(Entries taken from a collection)
##############################

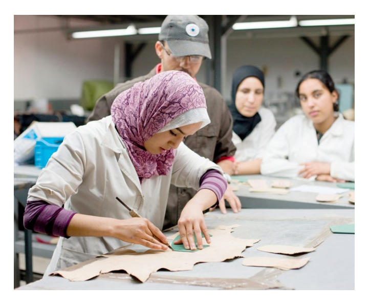
Left: Training is often a part of PI. Right: PI have a direct impact on the local level.
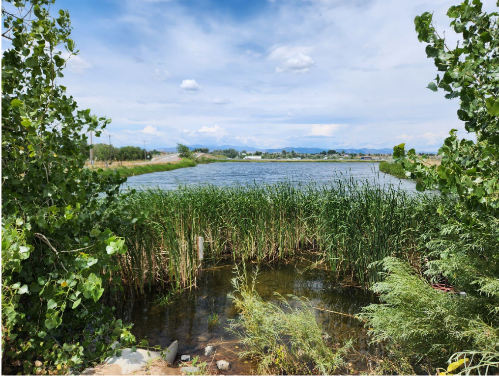
Figure 5. The recharge pond located southwest of the site, looking west.
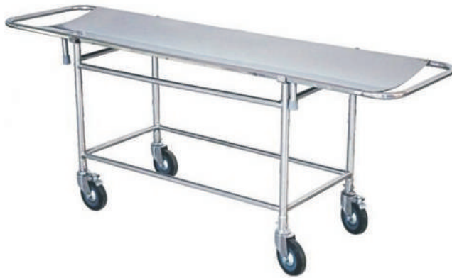
STRETCHER TROLLEY (SS) (VEH-92)
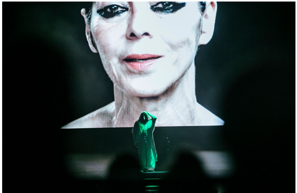
Anohni Hoplessness Tour
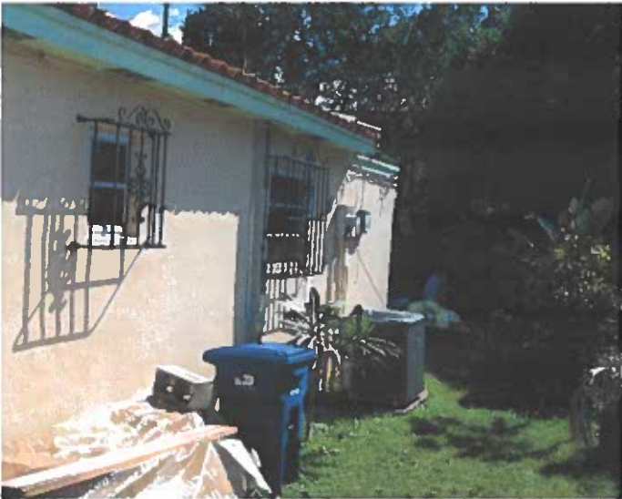
RIGHT SIDE VIEW (11.10.2014)
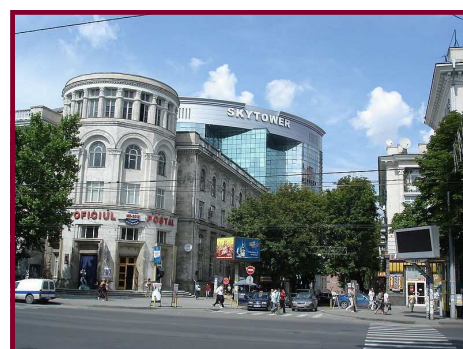
Chisinau (Kishinev) - “Oficiul Postal and Skytowel” building
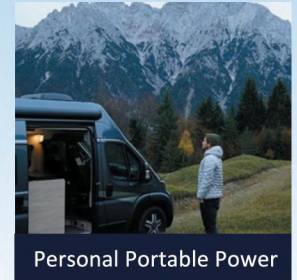
Personal Portable Power
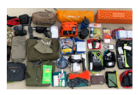
See exactly what you need to buy and in what order. Read more
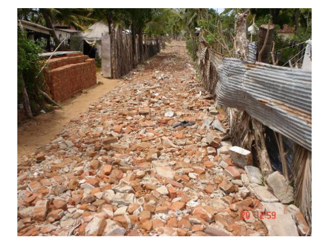
Photo 1: Dumping of unprocessed tsunami debris for road construction – a wasteful process.
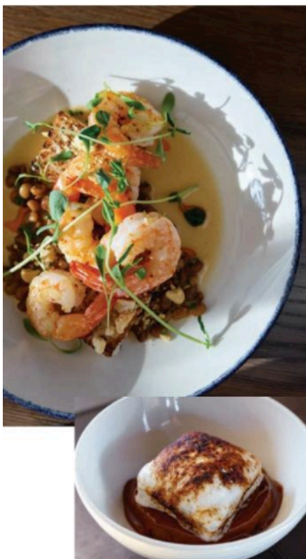
top to bottom Shrimp and grits with Georgia white shrimp and peanut miso broth. The s'more dessert is an elevated take on a classic indulgence.

FEATURING VERDANT VIEWS of Chastain Park, inventive sips and reimagined comfort food, The Chastain—headed by executive chef and operating partner Christopher Grossman—is a bustling café by day and a sophisticated New American restaurant by night.
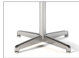
OPTIONAL POLISHED CHROME
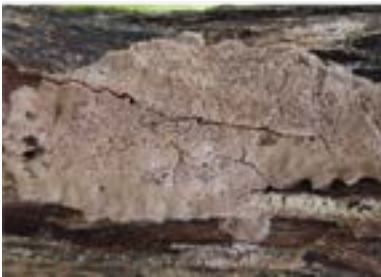
EGG MASS - OLD

##############################

YOUR OBJECTIVE: Print each entry shown above with exact wording and no pictures.

TASK OUTPUT:
Left: Training is often a part of PI. Right: PI have a direct impact on the local level.
Figure 5. The recharge pond located southwest of the site, looking west.
STRETCHER TROLLEY (SS) (VEH-92)
Anohni Hoplessness Tour
RIGHT SIDE VIEW (11.10.2014)
Chisinau (Kishinev) - “Oficiul Postal and Skytowel” building
Personal Portable Power
See exactly what you need to buy and in what order. Read more
Photo 1: Dumping of unprocessed tsunami debris for road construction – a wasteful process.
top to bottom Shrimp and grits with Georgia white shrimp and peanut miso broth. The s'more dessert is an elevated take on a classic indulgence.

FEATURING VERDANT VIEWS of Chastain Park, inventive sips and reimagined comfort food, The Chastain—headed by executive chef and operating partner Christopher Grossman—is a bustling café by day and a sophisticated New American restaurant by night.
OPTIONAL POLISHED CHROME
EGG MASS - OLD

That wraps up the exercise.